Why not just have a separate phone for your door buzzer, and use Vonage for
everything else? Hopefully, the door buzzer system doesn't actually need
the phone to be in service.

Mike Schumann

"beck767" <beck767@gmail.com> wrote in message
news:9b193f1e.0410040800.462db211@posting.google.com...
>I just moved into a new apt. and found out that the buzzer is
> connected to the phone jack. Basically, a code sends a signal to the
> jack and it uses the dial tone to ring your telephone. Im waiting on
> more technical details from the mgmt. company but that's the high
> level, general, gist.
>
> So.....I have vonage and I'd really rather use that service instead of
> going through verizon. Is there a way to hook a VOIP service to a
> phone jack and have a dial tone?
 
G

Guest

Guest
Archived from groups: comp.dcom.voice-over-ip (More info?)
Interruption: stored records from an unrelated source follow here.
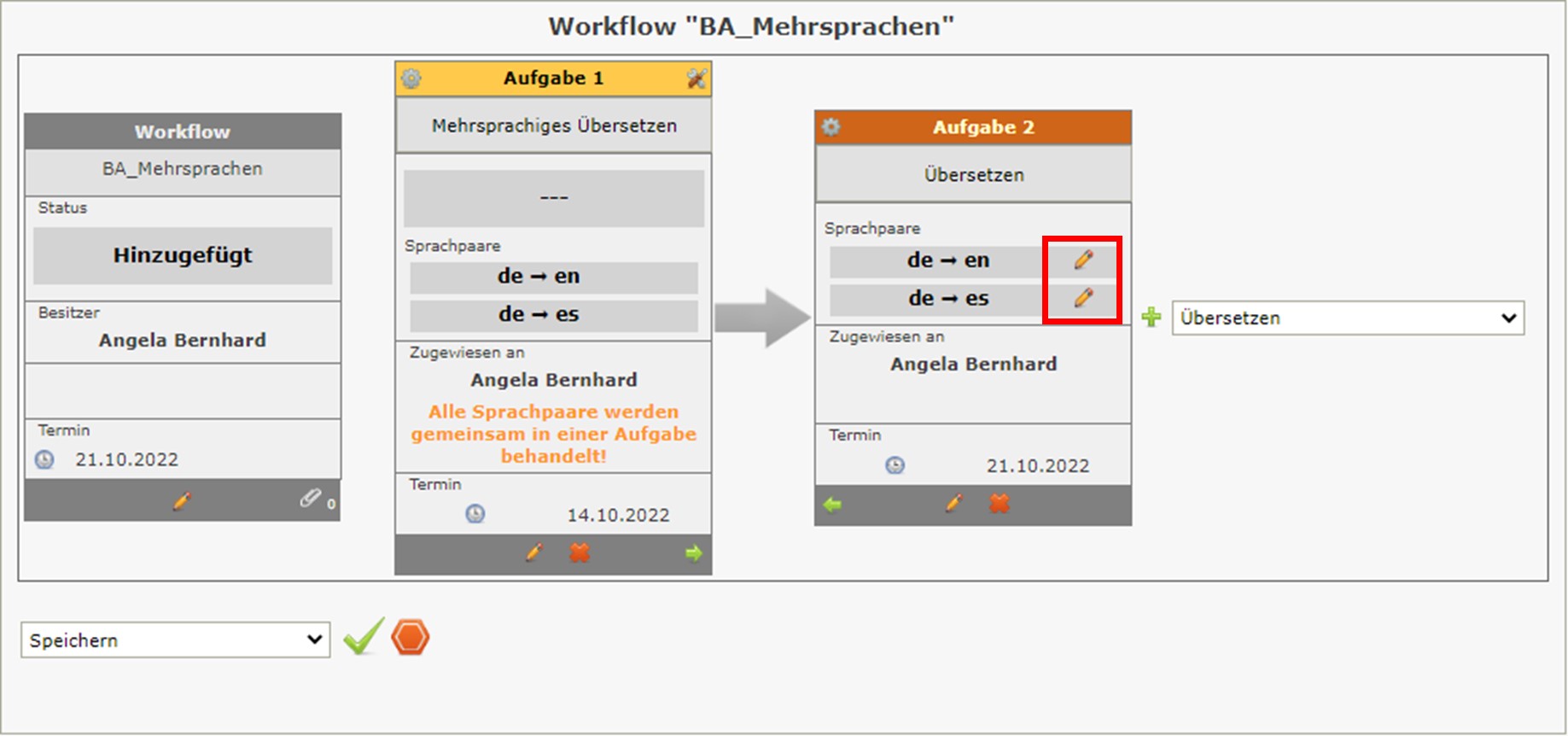 Bei mehrsprachigen Workflows können Sie bei jeder Aufgabe alle Sprachen auf einmal behandeln und behalten trotzdem die Möglichkeit, eine abweichende Konfiguration für einzelne Sprachkombinationen vorzunehmen, indem Sie auf das Bleistift-Symbol neben dem Sprachpaar klicken:
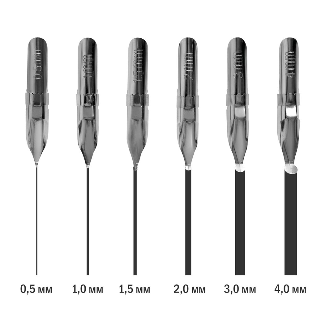 В комплект входят 6 стальных перьев разных размеров: 0,5; 1; 1,5; 2; 3; 4 мм, что позволяет создавать линии толщиной от 0,5 до 4 мм в любом направлении благодаря верхнему резервуару и круглому наконечнику.
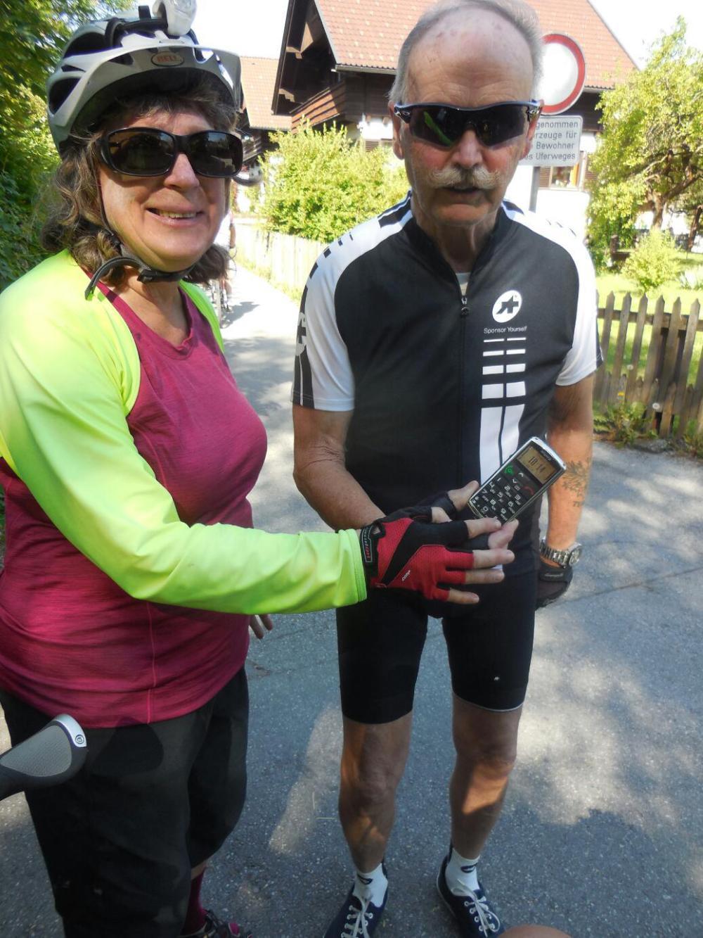 Our next guide was Ernie. 79 years old, he had lived in Calgary. He used to spend a lot of time driving to Lake Louise for skiing. Back in the Tirol, skiing is much closer. This guide also had fancy gear - all Italian, with a Colnago bike and Campagnolo gloves. He did not have internet to look at the blog, though. Claimed to be too poor.
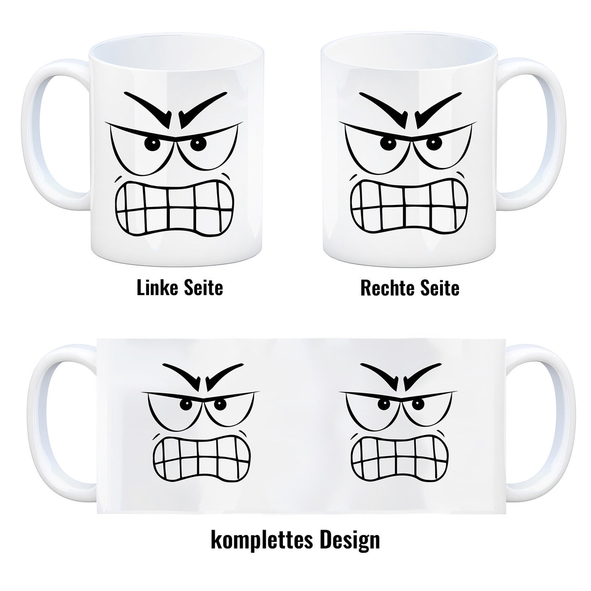 Tassengesichter Kaffeebecher mit aggressives Gesicht Motiv
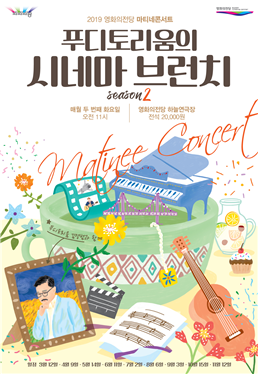 2019 영화의전당 마티네콘서트 여섯 번째 공연이 오는 8월 6일 오전 11시에 영화의전당 하늘연극장에서 개최된다. 지난 3월 12일부터 시작된 영화의전당 마티네콘서트는 ‘푸디토리움의 시네마 브런치 시즌2’라는 타이틀로 매월 둘째 주 화요일 오전 11시에 진행되고 있다. (8, 9월은 다른 행사로 인해 한주 앞당겨 첫째 주 진행)
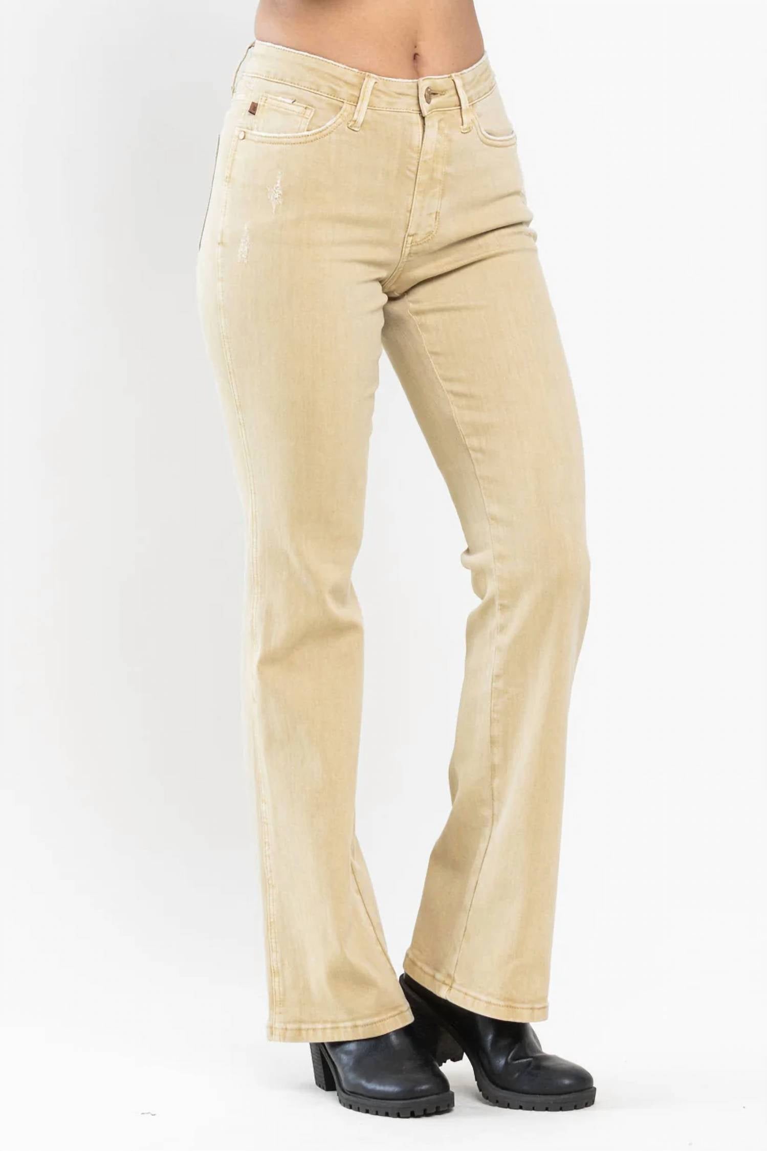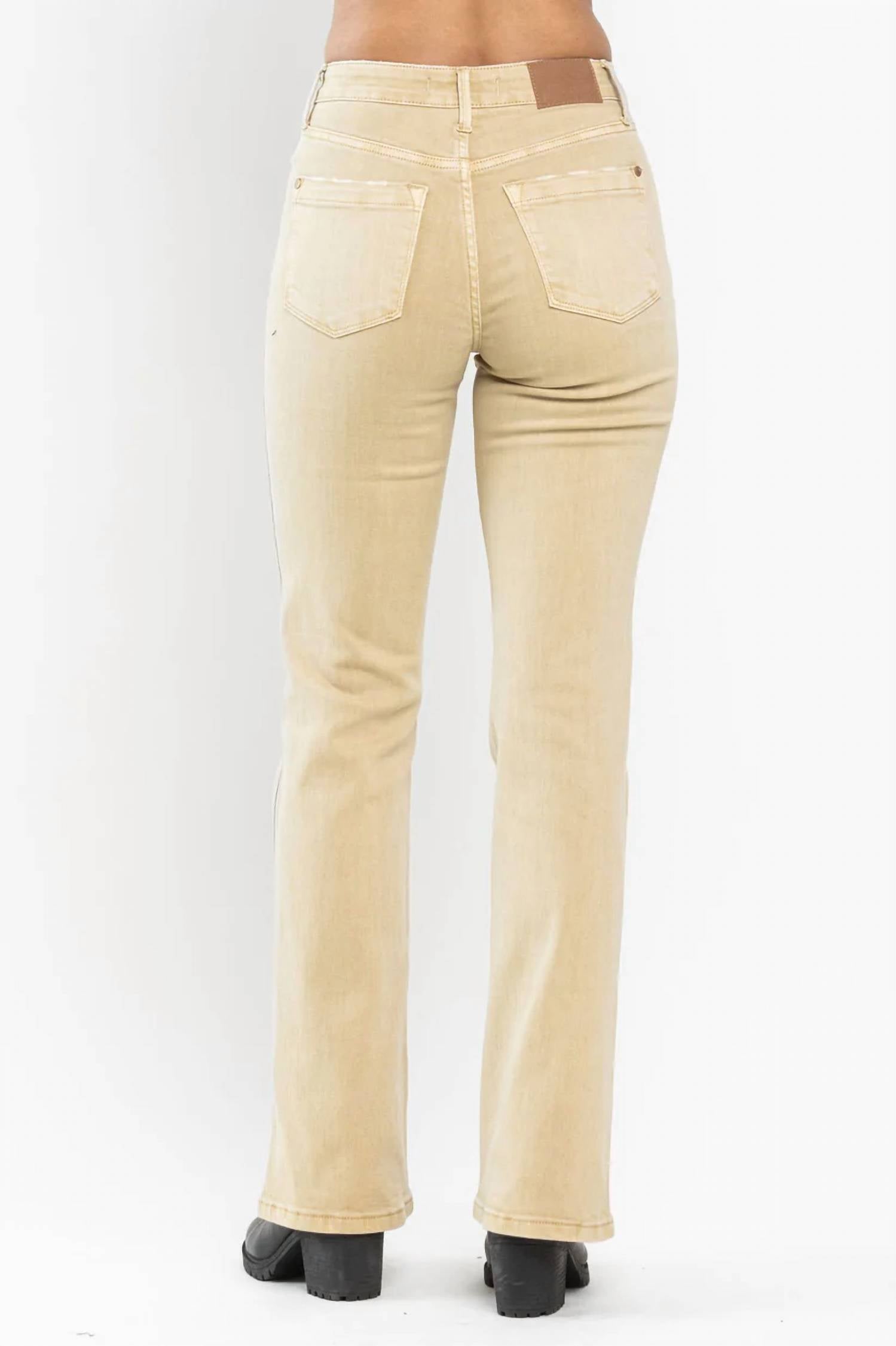 Just add boots! Upgrade your denim collection with the Judy Blue Mid-Rise Garment Dyed Slim Bootcut Jeans, available in chic khaki. Featuring a mid-rise fit with a 9.75" front rise and a slim bootcut leg with a 32" inseam, these jeans offer a contemporary take on a classic style. Crafted from a premium cotton blend (93% Cotton, 6% Polyester, 1% Spandex), they provide just the right amount of stretch for comfort. Enjoy the versatility of these jeans with a convenient button closure and functional pockets, perfect for pairing with any footwear choice.
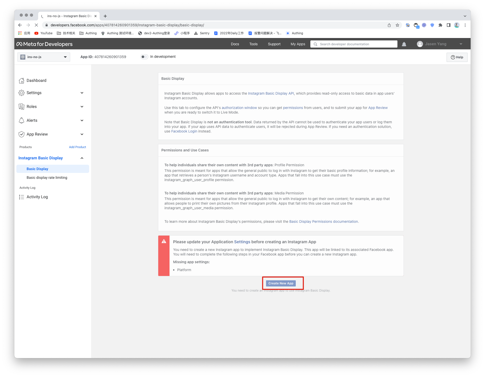 In the last step, Instagram needs permission to access instagram_graph_user_profile, so this permission needs to be increased. Then click and save the changes, the instagram application is created successfully.
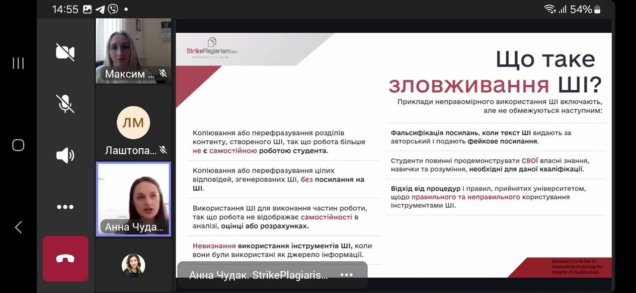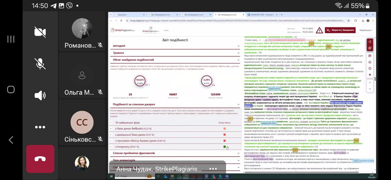 19 березня 2025 року здобувачі 4-го року навчання спеціальності 013 «Початкова освіта» заочної форми навчання долучилися до вебінару «Перевірка на плагіат як інструмент академічної доброчесності: аналіз звіту подібності + КП ШІ у StrikePlagiarism.com». Захід відбувся в межах «Тижня доброчесності в Університеті Ушинського» та є дотичним до розгляду теми «Соціальні інститути освіти та їх роль у формуванні академічної культури» (ВК «Соціологія», викладач – проф. Петінова О. Б.).Говорили про розуміння етичних стандартів написання наукових робіт; аналізувати критерії оцінки тексту; знайомились з алгоритмами роботи StrikePlagiarism.com та штучного інтелекту в перевірці запозичень. Учасники отримали практичні навички роботи із системою StrikePlagiarism.com, роз’яснення щодо оцінки текстів на плагіат та використання штучного інтелекту для перевірки доброчесності робіт. Захід розпочався з вітального слова Оксани МАКСИМ, директорки бібліотеки, Голови Групи сприяння доброчесності в Університеті Ушинського, яка наголосила на важливості академічної доброчесності в освітньому процесі. Спікерка – Анна ЧУДАК, менеджер з розвитку plagiat.pl (https://plagiat.pl/) в Україні. Активна дискусія підкреслила важливість таких заходів для формування культури доброчесності серед здобувачів вищої освіти. Активну участь в обговоренні теми взяли Клименко Марина, Лаштопа Анна, Романова Дарія, Мединська Ольга. Академічна доброчесність – основа якісної освіти та наукової діяльності!
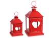 Set de 2 felinare metalice roșii cu sculptură în formă de in
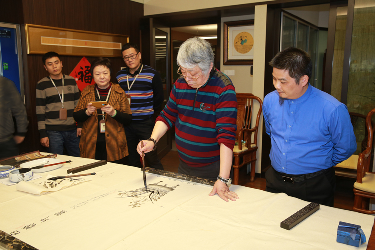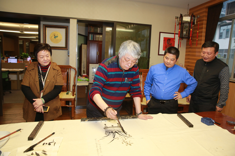 周國城主席揮毫寫蘭花(一)(右一為東莞旗峰山藝術館館長王躍慶先生,左一為寶鷹集團監事會主席胡蘭萍女士,右二為寶鷹集團副總裁古樸先生)
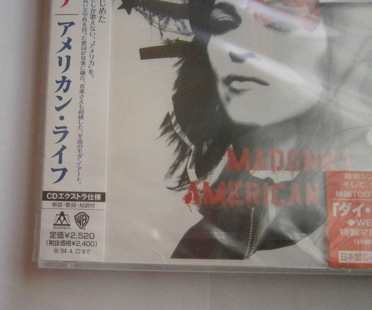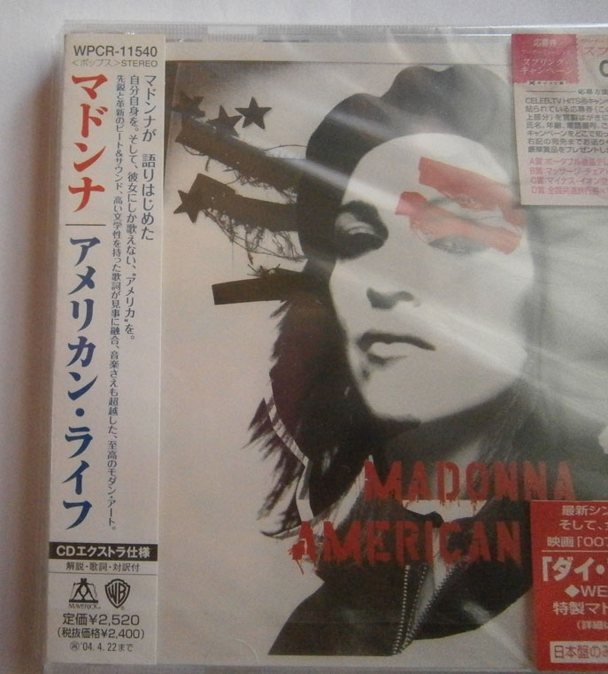 MADONNA / AMERICAN LIFE マドンナ / アメリカン・ライフ (CD-0382) マドンナの「アメリカン・ライフ」は2003年リリースの9作目のアルバム。 未使用品です。 盤区分 : CD オリジナル型番 : WPCR-11540 在庫状態 : 売り切れ ¥4,000(税込) 只今お取扱い出来ません
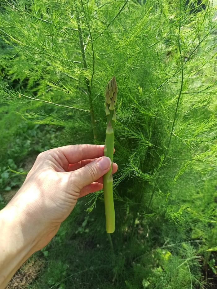 А вот и она, королева моего сада. Я делала про нее пост в прошлом году Очевидное невероятное Тогда у меня еще были маленькие редкие кустики и тонкие росточки. В этом году уже вот. Но я пока ее берегу и массово не срезаю. Оставлю на следующий год, когда все кусты войдут в уверенный рост и все спаржинки будут как на этом фото.
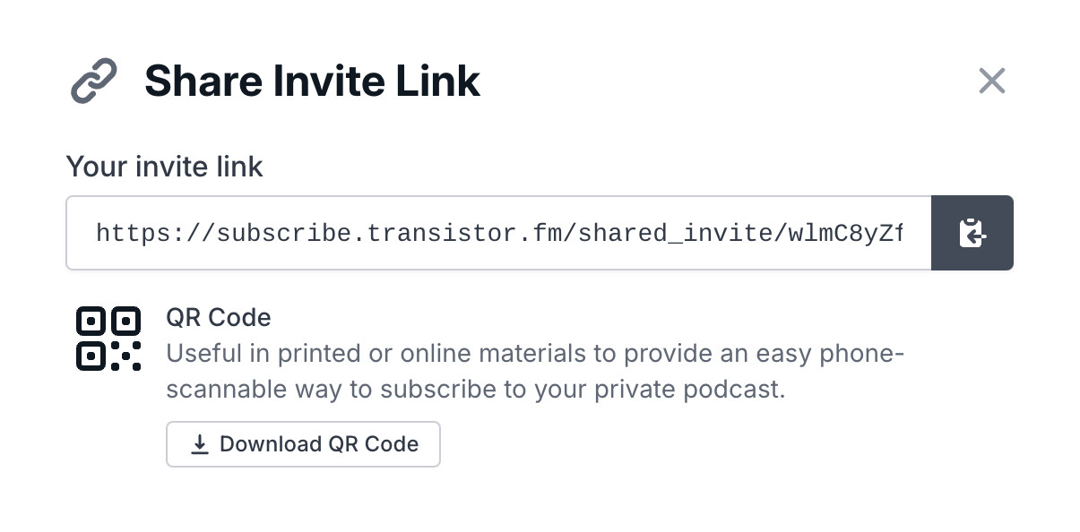 Generate a private link and QR code to invite listeners to become subscribers of your new private podcast.
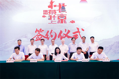 博會上舉行“挑擔茶葉上北京”集結誓師大會;2023年5月28日在長沙橘子洲舉行“挑擔茶葉上北京-湘茶大會”,6月7日在長沙高鐵舉行“挑擔茶葉上北京”出發(fā)儀式、北京西客站北京茶界舉行歡迎“挑擔茶葉上北京”儀式,6月9日在“2023北京國際茶業(yè)展”上展示展銷,舉辦沅陵碣灘茶專場推介會、湘茶品牌集體推介會,6月15日,在北京新發(fā)地全國特優(yōu)農(nóng)產(chǎn)品展銷中心舉行“挑擔茶葉上北京-五彩湘茶(湖南紅茶)產(chǎn)銷對接會”,到6月16日在人民大會堂新聞發(fā)布廳舉行“挑擔茶葉上北京-五彩湘茶匯報會”,在京期間還考察、對接了全國供銷總社832平臺、馬連道茶葉市場、河北市場等,促進湘茶品牌產(chǎn)品落地、進入北京及河北等市場。

On 4 Oct 2004 21:33:55 -0700, "Mark" <jmdavies@gmail.com> wrote:

>
>The POTS lines are what powers your phone with electricity, so they
>have to be removed. The Motorola ATA device from Vonage can power ~3-5
>devices (aka phones), as a limit.

When I moved to Vonage I pulled the plug at the NIC and plugged the
Motorola ATA device into a spare phone jack to connect it to my NINE
devices (aka phone) and one device (aka answering machine).

No problem with their operation - ringing and other features!